**Work item:**
Only one span of the material below is wanted. Output it exactly, from the line with "1945 - 10 cent." through the line with "Balurghat (10 km)", without any pictures.

**Records supplied:**
──────

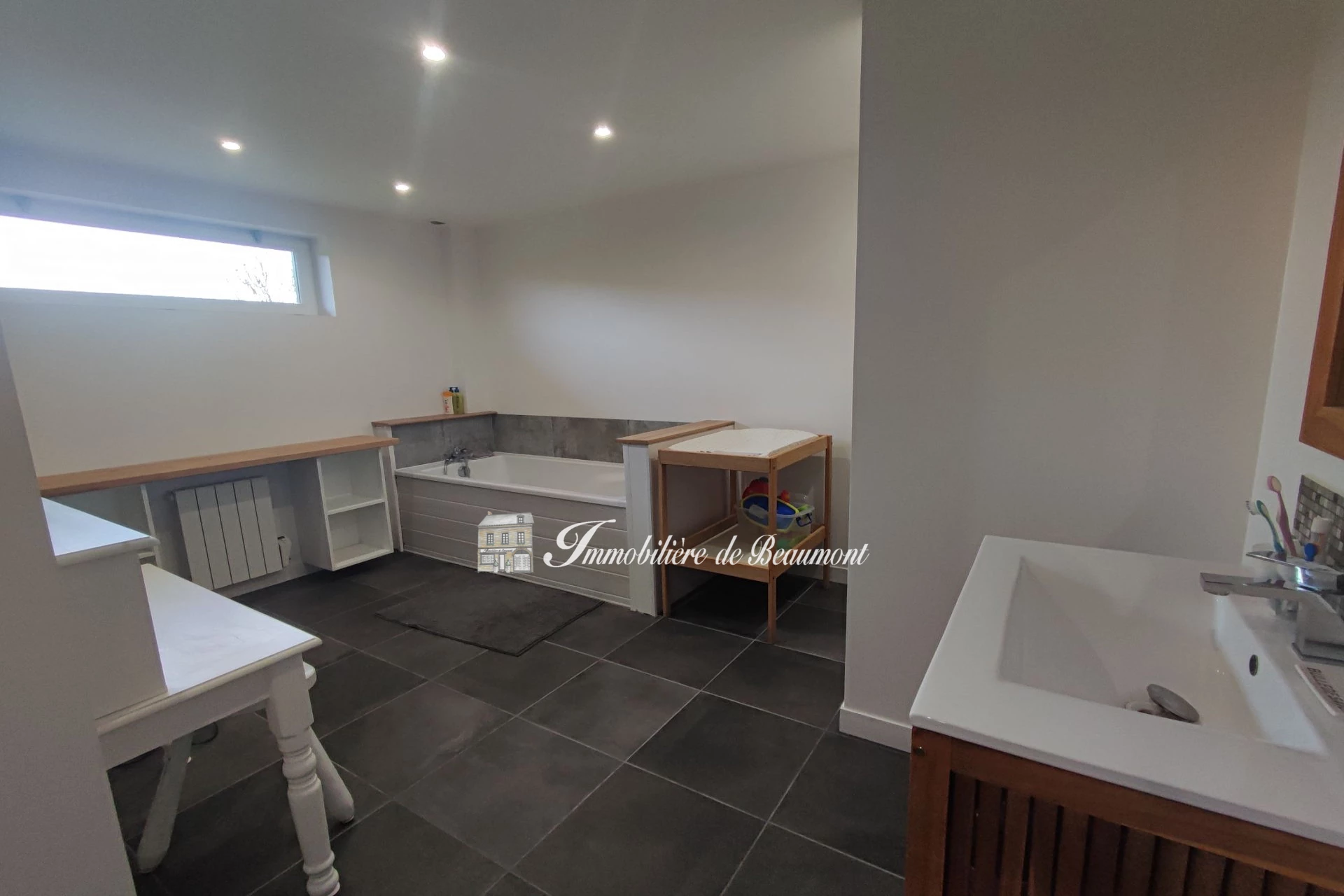 La maison propose une suite parentale confortable, composée d'une salle de bains avec douche, baignoire et WC, ainsi qu'un dressing attenant. Vous trouverez également une chambre supplémentaire, un WC indépendant et une buanderie.
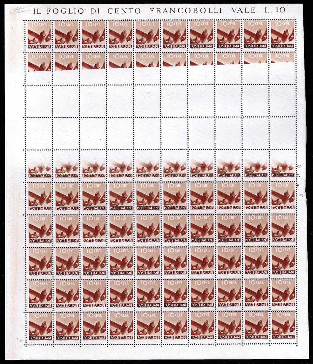 1945 - 10 cent. Democratica, foglio completo di 100 esemplari, composto da 10 strisce verticali ciascuna con un esemplare con stampa parziale, due con stampa totalmente mancante, uno con stampa evanescente (543gc), gomma originale integra, perfetto. Raro e spettacolare. Ferrario, cert. Raybaudi.
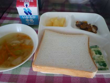 今日の給食は【なすのミートグラタン・鶏肉と野菜のスープ・白桃(カット缶)・ソフトマーガリン・パン・牛乳】でした。
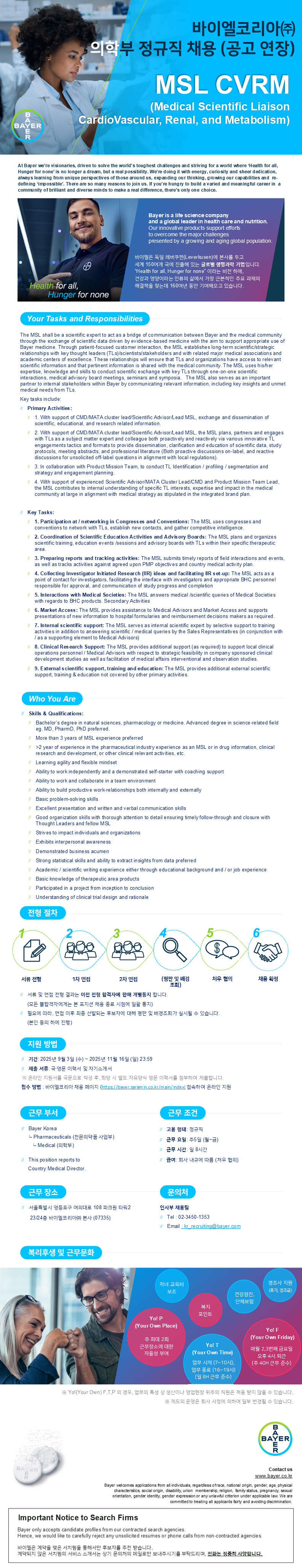 바이엘코리아(주) 의학부 정규직 채용공고(연장) | |||
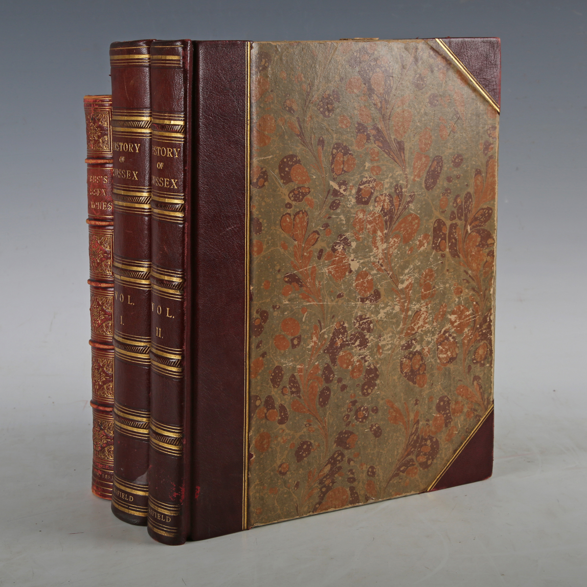 NIBBS, R.H. The Churches of Sussex (First Series). Brighton: R.H. Nibbs, 1851. First edition, 4to (274 x 210mm.) Title in red and blue, etched frontispiece and 83 etched plates. (Light to moderate spotting to plate margins, browning to text leaves, stamps and labels verso title.) Near contemporary red full morocco by Hayday, g.e. (extremities rubbed, some scuffing to joints). Provenance: Sussex County Council Library (labels to front pastedown). – And a further eight volumes related to Sussex (including T.W. Horsfield’s ‘The History, Antiquities, and Topography of the County of Sussex’, 2 vols., 1835, 4to, and R. Willis’ ‘The Architectural History of Chichester Cathedral’, 1861, 4to) (9).
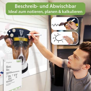 Ein Stück Design, das Ihren Alltag organisiert. Schreiben, heften, inspirieren - alles an einem Ort. Qualität, die man spürt. Montage leicht gemacht. Handwerk mit Herz - veredelt in Sachsen. Einzigartiges Design mit Motiv Motiv Postbote Jack Russel Beschreibbare Glasoberfläche, leicht zu reinigen Starke Magnetkraft durch Stahlrückwand Inklusive 4 Neodym-Magneten Flexible Montageoptionen Handveredelt in Sachsen - Qualität, die bleibt
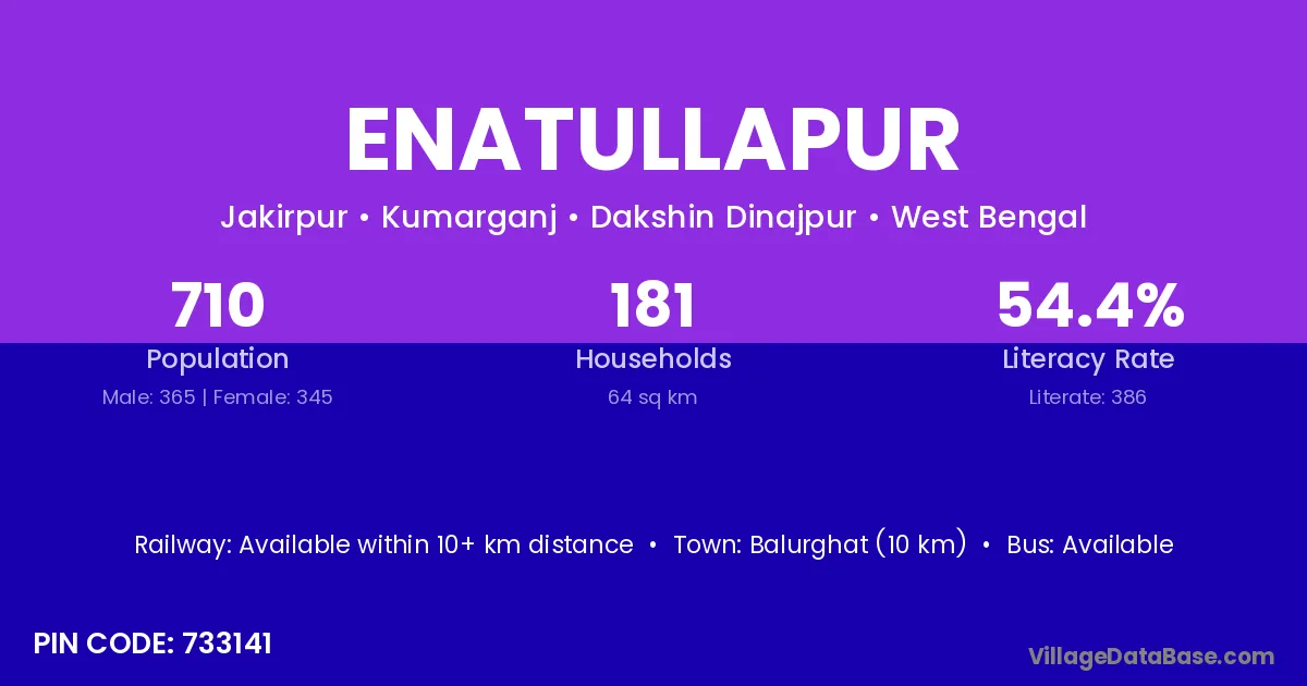 Balurghat (10 km) is the nearest town to Enatullapur village for major economic activities and is located approximately 10 km away.
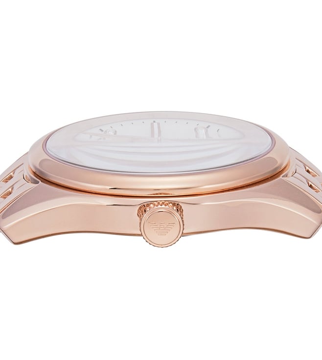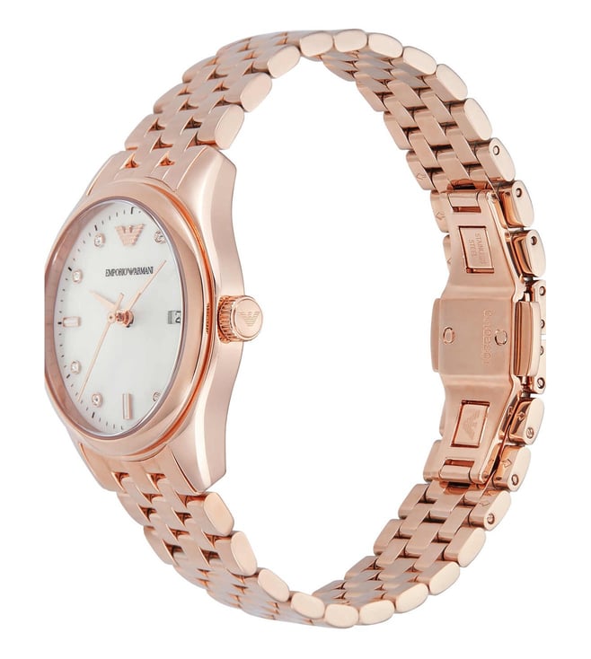 Emporio Armani's 32mm watch features a white mother-of-pearl dial, three-hand date movement and rose gold-tone stainless steel bracelet. Amaze everyone around you by wearing this women's analog watch from the collection by Emporio Armani. The two tone round dial is protected by a mineral glass. It features a crown for time adjustment.

──────

**Result:**
 1945 - 10 cent. Democratica, foglio completo di 100 esemplari, composto da 10 strisce verticali ciascuna con un esemplare con stampa parziale, due con stampa totalmente mancante, uno con stampa evanescente (543gc), gomma originale integra, perfetto. Raro e spettacolare. Ferrario, cert. Raybaudi.
 今日の給食は【なすのミートグラタン・鶏肉と野菜のスープ・白桃(カット缶)・ソフトマーガリン・パン・牛乳】でした。
 바이엘코리아(주) 의학부 정규직 채용공고(연장) | |||
 NIBBS, R.H. The Churches of Sussex (First Series). Brighton: R.H. Nibbs, 1851. First edition, 4to (274 x 210mm.) Title in red and blue, etched frontispiece and 83 etched plates. (Light to moderate spotting to plate margins, browning to text leaves, stamps and labels verso title.) Near contemporary red full morocco by Hayday, g.e. (extremities rubbed, some scuffing to joints). Provenance: Sussex County Council Library (labels to front pastedown). – And a further eight volumes related to Sussex (including T.W. Horsfield’s ‘The History, Antiquities, and Topography of the County of Sussex’, 2 vols., 1835, 4to, and R. Willis’ ‘The Architectural History of Chichester Cathedral’, 1861, 4to) (9).
 Ein Stück Design, das Ihren Alltag organisiert. Schreiben, heften, inspirieren - alles an einem Ort. Qualität, die man spürt. Montage leicht gemacht. Handwerk mit Herz - veredelt in Sachsen. Einzigartiges Design mit Motiv Motiv Postbote Jack Russel Beschreibbare Glasoberfläche, leicht zu reinigen Starke Magnetkraft durch Stahlrückwand Inklusive 4 Neodym-Magneten Flexible Montageoptionen Handveredelt in Sachsen - Qualität, die bleibt
 Balurghat (10 km) is the nearest town to Enatullapur village for major economic activities and is located approximately 10 km away.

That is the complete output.